Convert the $xy$ -plane into the complex plane of $z$ , where the real part $\Re(z) = x$ and imaginary part $\Im(z) = y$ . Let the first move be $u_0 = 1$ , the second move be $u_1 = \frac i2$ , third move be $u_2 = - \frac 14$ and so on. Then the final position of the bug after $n$ th move is given by $z_n = u_0+u_1+u_2 + \cdots + u_{n-1}$ . We note that a turning of $90^\circ$ anticlockwise in a complex plane is equivalent to multiplied by $i$ , the imaginary unit . Then we have:

$\begin{aligned} z_n & = \sum_{k=0}^{n-1} u_k = \sum_{k=0}^{n-1} \left(\frac i2 \right)^k \\ \implies \lim_{n \to \infty} z_n & = \sum_{k=0}^\infty \left(\frac i2 \right)^k = \frac 1{1-\frac i2} = \frac 2{2-i} = \frac {2(2+i)}5 = \frac 45 + \frac 25i \end{aligned}$

Therefore, the final coordinate of the bug is $\boxed{\left(\frac 45, \frac 25\right)}$ .

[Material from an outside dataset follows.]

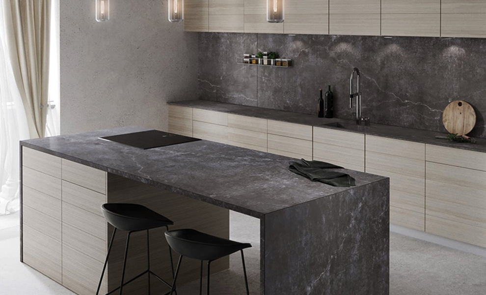Keramik ist ein industriell hergestelltes Produkt aus Ton, der unter hohem Druck gepresst und bei hohen Temperaturen gebrannt wird. Es wird in verschiedenen Abmessungen geliefert und eignet sich ideal für maßgefertigte Küchenarbeitsplatten. Da Keramik aus natürlichen Stoffen besteht, können Farb- und Strukturunterschiede auftreten.

Since there are already multiple solution utilizing complex numbers, I'll give a solution using linear algebra.

Let's denote the first move by the vector $\mathbf{b} = \begin{bmatrix} 1 \\ 0\\ \end{bmatrix}.$

Now counterclockwise rotation of $90$ degrees corresponds to multiplying by the matrix $\mathbf{M} = \begin{bmatrix} 0 & -1\\ 1 & 0 \\ \end{bmatrix},$

and halving the length corresponds to multiplying by the matrix

$\mathbf{N} = \begin{bmatrix} \frac12 & 0\\ 0 & \frac12 \\ \end{bmatrix}.$

Let's denote their product by $\mathbf{NM} = \mathbf{A} = \begin{bmatrix} 0 & -\frac12\\ \frac12 & 0\\ \end{bmatrix}.$

Now we can get the next vector to add by multiplying the previously added vector by matrix $\mathbf{A}$ .

Continuing this indefinitely we see that the sum $\mathbf{x} = \sum\limits_{k=0}^{\infty} \mathbf{A}^k \mathbf{b}$ gives the limit point if it converges.

Since the eigenvalues of the matrix $\mathbf{A}$ , which are $\pm \dfrac i2$ , have absolute values less than $1$ , the geometric series $\sum\limits_{k=0}^{\infty} \mathbf{A}^k$ converges towards $\left(\mathbf{I} - \mathbf{A}\right)^{-1}$ and thus

$\mathbf{x} = \left(\mathbf{I} - \mathbf{A}\right)^{-1} \mathbf{b} = \left( \begin{bmatrix} 1 & 0\\ 0 & 1 \\ \end{bmatrix} - \begin{bmatrix} 0 & -\frac12\\ \frac12 & 0\\ \end{bmatrix} \right)^{-1} \begin{bmatrix} 1 \\ 0\\ \end{bmatrix} = \begin{bmatrix} 1 & \frac12\\ -\frac12 & 1 \\ \end{bmatrix}^{-1} \begin{bmatrix} 1 \\ 0\\ \end{bmatrix} = \begin{bmatrix} \frac45 & -\frac25\\[6pt] \frac25 & \frac45 \\ \end{bmatrix} \begin{bmatrix} 1 \\ 0\\ \end{bmatrix} = \begin{bmatrix} \frac45 \\[6pt] \frac25 \\ \end{bmatrix}.$

Thus the limit point is $\boxed{\left(\dfrac45, \dfrac25\right)}$ .